___ DATASET RECORDS ___
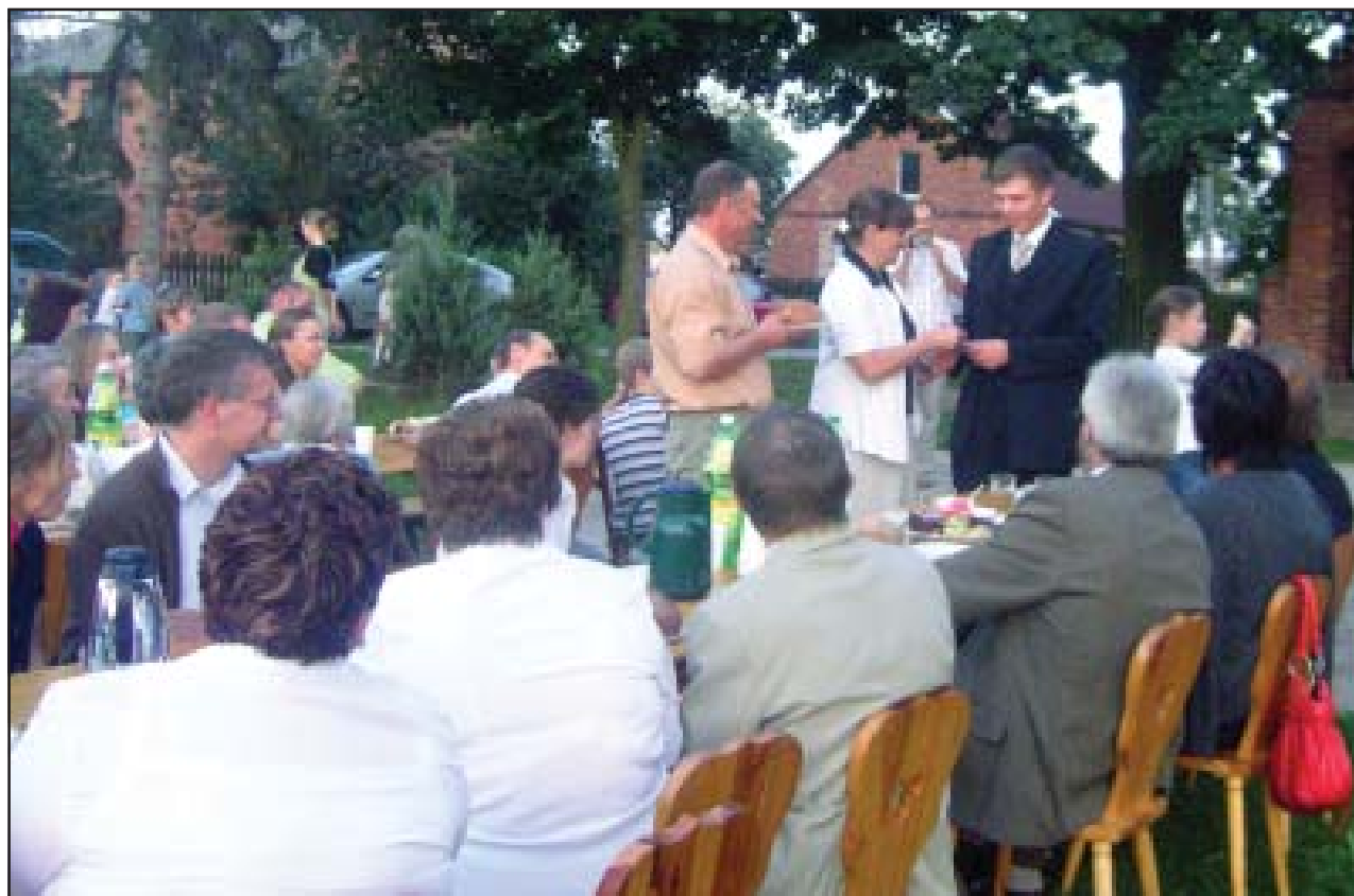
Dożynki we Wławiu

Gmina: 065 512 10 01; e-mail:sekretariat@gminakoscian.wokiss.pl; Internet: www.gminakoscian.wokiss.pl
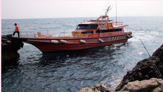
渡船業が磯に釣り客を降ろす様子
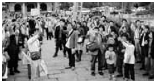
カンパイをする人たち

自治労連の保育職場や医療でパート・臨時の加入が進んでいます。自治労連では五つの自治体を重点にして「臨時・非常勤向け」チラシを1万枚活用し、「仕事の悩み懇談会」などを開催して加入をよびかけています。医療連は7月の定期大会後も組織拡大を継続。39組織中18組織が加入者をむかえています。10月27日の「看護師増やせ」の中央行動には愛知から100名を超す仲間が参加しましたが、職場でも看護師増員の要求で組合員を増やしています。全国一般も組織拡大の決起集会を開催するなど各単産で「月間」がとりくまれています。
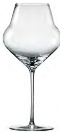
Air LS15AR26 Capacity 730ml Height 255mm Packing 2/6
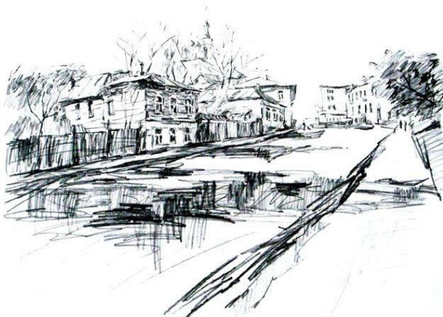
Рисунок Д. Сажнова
___
■ **YOUR GOAL**
Any picture in the data is to be skipped, while each line is returned exactly as written.

■ **OUTPUT BELOW**
Dożynki we Wławiu

Gmina: 065 512 10 01; e-mail:sekretariat@gminakoscian.wokiss.pl; Internet: www.gminakoscian.wokiss.pl
渡船業が磯に釣り客を降ろす様子
カンパイをする人たち

自治労連の保育職場や医療でパート・臨時の加入が進んでいます。自治労連では五つの自治体を重点にして「臨時・非常勤向け」チラシを1万枚活用し、「仕事の悩み懇談会」などを開催して加入をよびかけています。医療連は7月の定期大会後も組織拡大を継続。39組織中18組織が加入者をむかえています。10月27日の「看護師増やせ」の中央行動には愛知から100名を超す仲間が参加しましたが、職場でも看護師増員の要求で組合員を増やしています。全国一般も組織拡大の決起集会を開催するなど各単産で「月間」がとりくまれています。
Air LS15AR26 Capacity 730ml Height 255mm Packing 2/6
Рисунок Д. Сажнова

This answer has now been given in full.